TERRE HAUTE, Ind. (AP) -- With less than a day to live, Timothy McVeigh sat in a 9-by-14 foot isolation cell a short walk from the federal death chamber, making phone calls to family members and writing letters.
Attorney Nathan Chambers said Sunday that while McVeigh feels remorse for the innocent people who died in the Oklahoma City bombing, the revelation that the FBI withheld thousands of documents from defense attorneys during the bombing trial reinforced McVeigh's anti-government views.
"He's sorry that 168 people died. He takes no joy in that," said Chambers, who spoke with his client on Saturday and will meet with him again Sunday afternoon. "But in his view, in his opinion, in pursuing his goal, it was necessary."
Dan Herbeck, co-author of "American Terrorist: Timothy McVeigh & The Oklahoma City Bombing," said Sunday that the FBI gaffe set up what McVeigh would view as a perfect scenario.
"If a man can smile on death row, Tim McVeigh was smiling these last few weeks," Herbeck said. "He always believed they were withholding documents, and it turns out he was at least partially right."

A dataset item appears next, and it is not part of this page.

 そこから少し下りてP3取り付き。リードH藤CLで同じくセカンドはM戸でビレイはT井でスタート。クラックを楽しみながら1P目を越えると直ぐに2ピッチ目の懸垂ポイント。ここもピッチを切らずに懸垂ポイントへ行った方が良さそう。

McVeigh was transferred from his 8- by 10-foot cell at the U.S. Penitentiary to the holding cell at 5:10 a.m. EDT Sunday; he was secured in the cell 20 minutes later. McVeigh was cooperative and the move was without incident, U.S. Bureau of Prisons officials said.
Chambers said McVeigh is in good spirits and spending his final hours contacting those he cares about.

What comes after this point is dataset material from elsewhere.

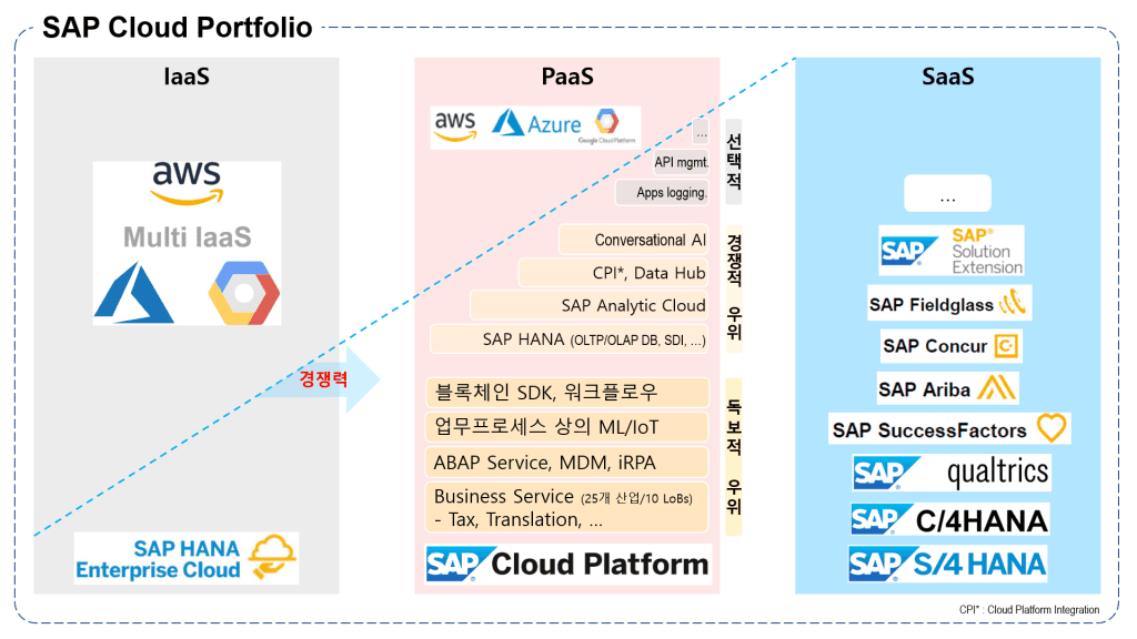 전사적자원관리(ERP)와 고객관계관리(CRM), 공급망관리(SCM) 분야 강력한 시장 지배력을 가졌던 SAP가 자사가 보유한 제품들을 꾸준히 서비스 형태로 탈바꿈시키면서 동시에 비용 관리, 경험관리, 인사관리, 구매관리 분야의 전문 SaaS 기업들을 인수합병하며 새로운 시대 변화에 적극 대응하고 있다.

McVeigh, 33, is scheduled to die by chemical injection at 8 a.m. EDT Monday, the first person to be put to death by the federal government since 1963.
White House Chief of Staff Andrew Card told Fox News Sunday that the government doesn't expect any last minute appeals.
"We think that Timothy McVeigh will have the sentence carried out," he said. "This is a terrible tragedy, and he's a pathetic character, and it's unfortunate that this is the result of just a horrible, horrible crime that he committed."
McVeigh wrote in a recent letter that he will die blaming the federal government for his actions.
In excerpts from letters to The Buffalo News released Saturday, McVeigh insisted the bombing of the Alfred P. Murrah federal building was necessary to send a message to what he called an out-of-control government.
"I am sorry these people had to lose their lives," McVeigh wrote his hometown newspaper. "But that's the nature of the beast. It's understood going in what the human toll will be."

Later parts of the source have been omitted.